Once, during the turmoil after the divorce, he had tried to get her to bed. She sidestepped neatly. “You don’t want me,” she told him. “You really don’t. I’m flattered, sweets, but I’m not what you want right now. But there’s a friend of mine you’ll love, and she’ll love you. Wait here while I make a phone call.”

“I couldn’t go through the getting-to-know-you number right now, Mary.”

“You won’t have to. I have senses about people. ESP. The two of you are going to take a look at each other and jump into bed. Just like that.”

She sent him to an apartment on East Fifty-fourth Street where a Eurasian girl met him at the door. He spent the next three days and nights in her bed. It was three months later that he found out the Eurasian girl was a hooker and Mary Fradin had picked up the tab. From then on there wasn’t a thing she could do wrong.
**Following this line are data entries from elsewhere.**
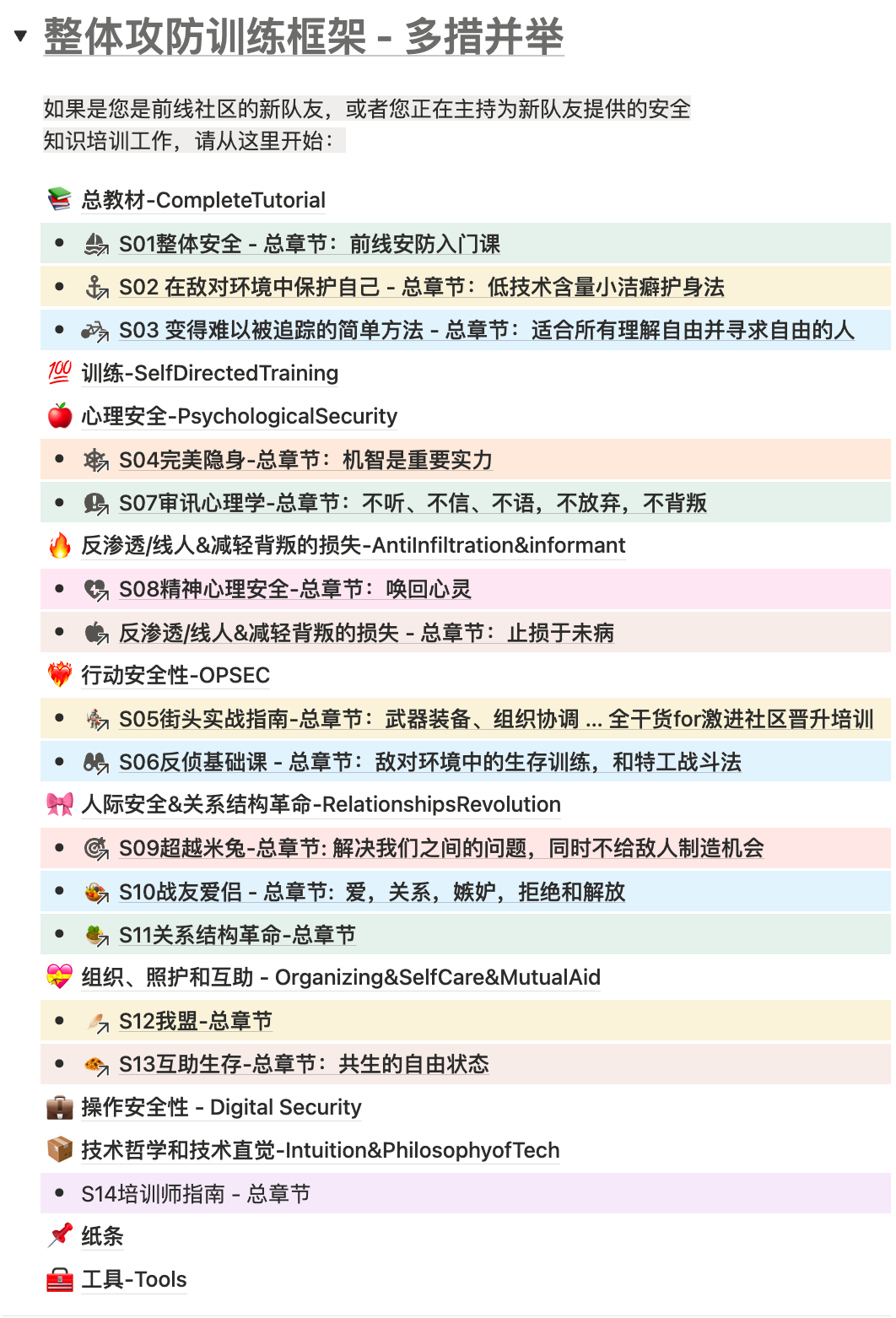 “整体攻防训练框架” —— 这一部分包含14套教程,适合前线社区的新队友,或者培训工作的组织者。如果您正在准备全面学习,我们推荐按序号推进。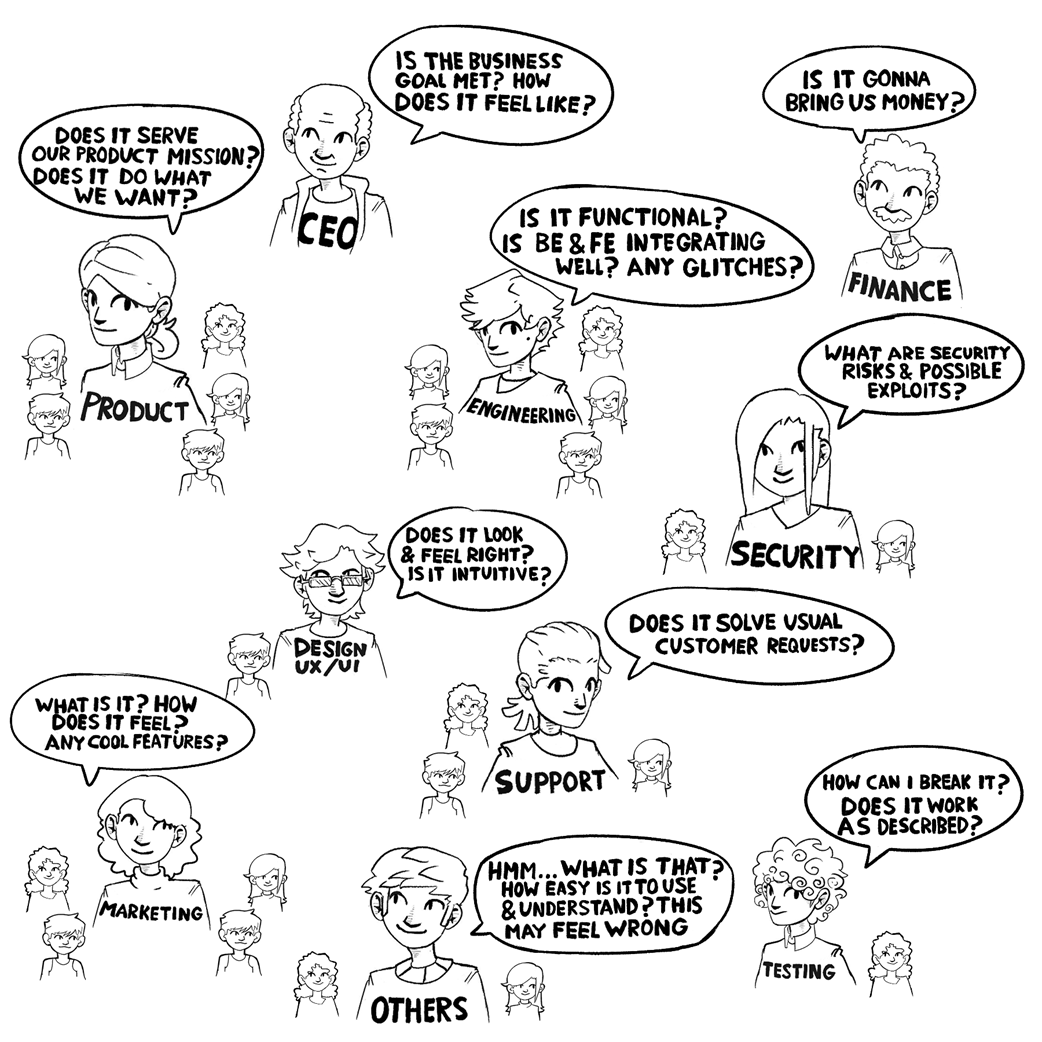 Anyone who cares about the product: engineers, designers, product managers, QA, security, sales, support, leadership, and sometimes select customers. Diverse roles and backgrounds reveal different issues and perspectives.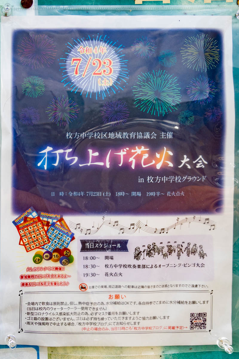 「枚方中学校区地域教育協議会主催 打ち上げ花火大会 in枚方中学校グラウンド」18:00開場19:30花火点火
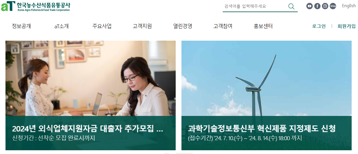 ☛ 한국농수산식품유통공사 바로가기 https://www.at.or.kr/home/apko000000/index.action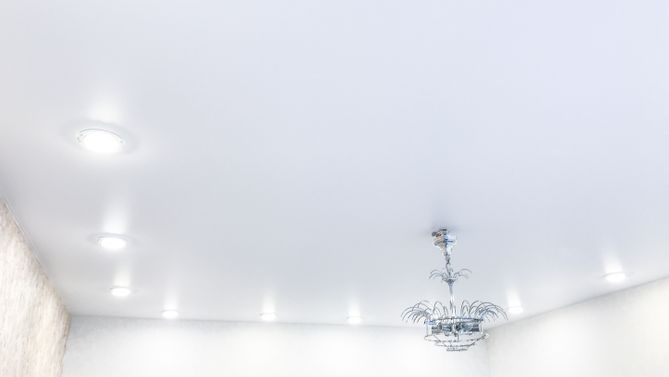Бесшовный матовый натяжной потолок для зала 17,4 м2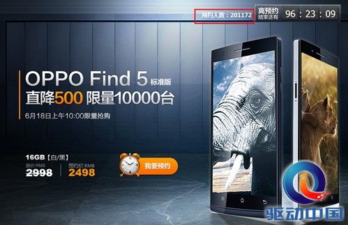 6月14日消息,昨日,OPPO Find 5正式开启直降500元的购买预约,截止到14号早上9点30分,预约人数为201172,突破20万大关,平均一秒就有两台的预约。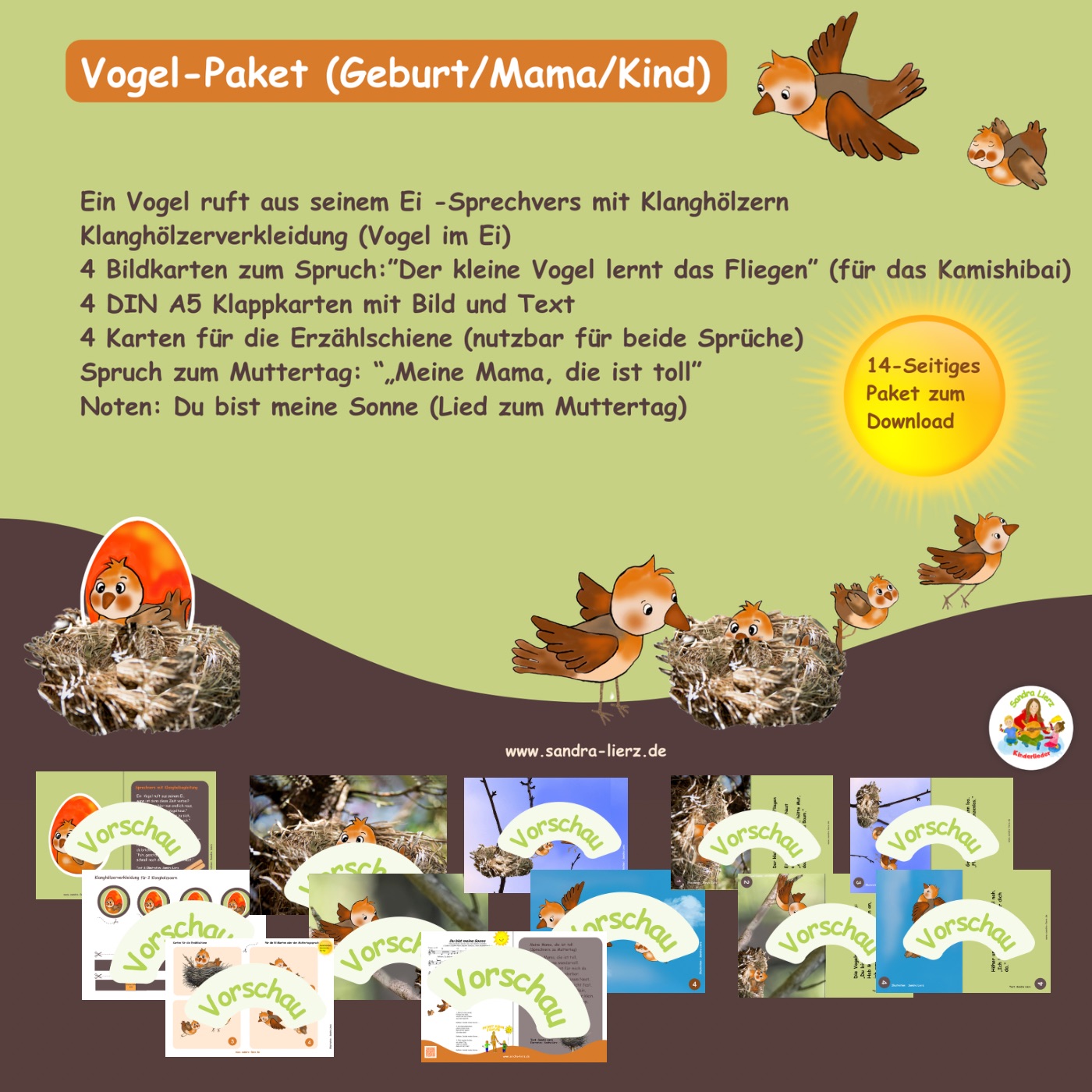 In diesem 14-Seitigen Vogelpaket findest du alles zum Thema Geburt & Mama, dass du nicht nur zu Muttertag in deiner Praxis verwenden kannst. Es eignet sich auch gut zum Thema Vögel- „Vom Ei bis zum Fliegen lernen“ und ist vor allem im Frühling und Sommer gut einzusetzen.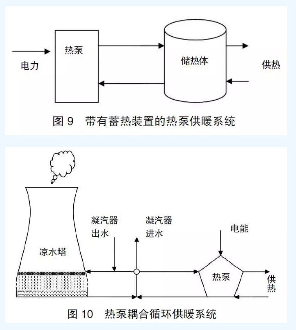 熱電聯(lián)產機組為了調峰進行熱電解耦,導致機組的煤耗顯著增加,降低了系統(tǒng)效率。在前面提到,熱電解耦技術中,有采用大型高效水源或地源熱泵進行供熱的技術路線,即利用電力驅動大型熱泵為居民小區(qū)、醫(yī)院、商場或其他企事業(yè)單位供暖,當熱泵的制熱系數(shù)較高時(現(xiàn)在大型高效熱泵的制熱系數(shù)可以達到5),熱泵所消耗的電量可以小于汽輪機因減少抽汽而增加的發(fā)電量,這樣系統(tǒng)效能大大提高。同時,熱泵如果與儲熱裝置相耦合,還可以顯著提高系統(tǒng)對風電、太陽能發(fā)電的吸納能力,系統(tǒng)示意圖見圖9。

After lunch he walked her back to her office, then took a cab to his publishers. His editor showed him some rough flap copy and asked polite questions about the new book. Hugh gave him polite answers in return. His editor was under thirty and wore mod clothes, and could get excited talking about books by New Left activists and aspiring black writers until he remembered Hugh wasn’t interested in them any more than he was interested in Hugh. He left as quickly as he could and checked in at the Algonquin. Then he called a number he had called in the past and gave his name and the hotel and room number and said he could take immediate delivery of fifty cases of hairpins.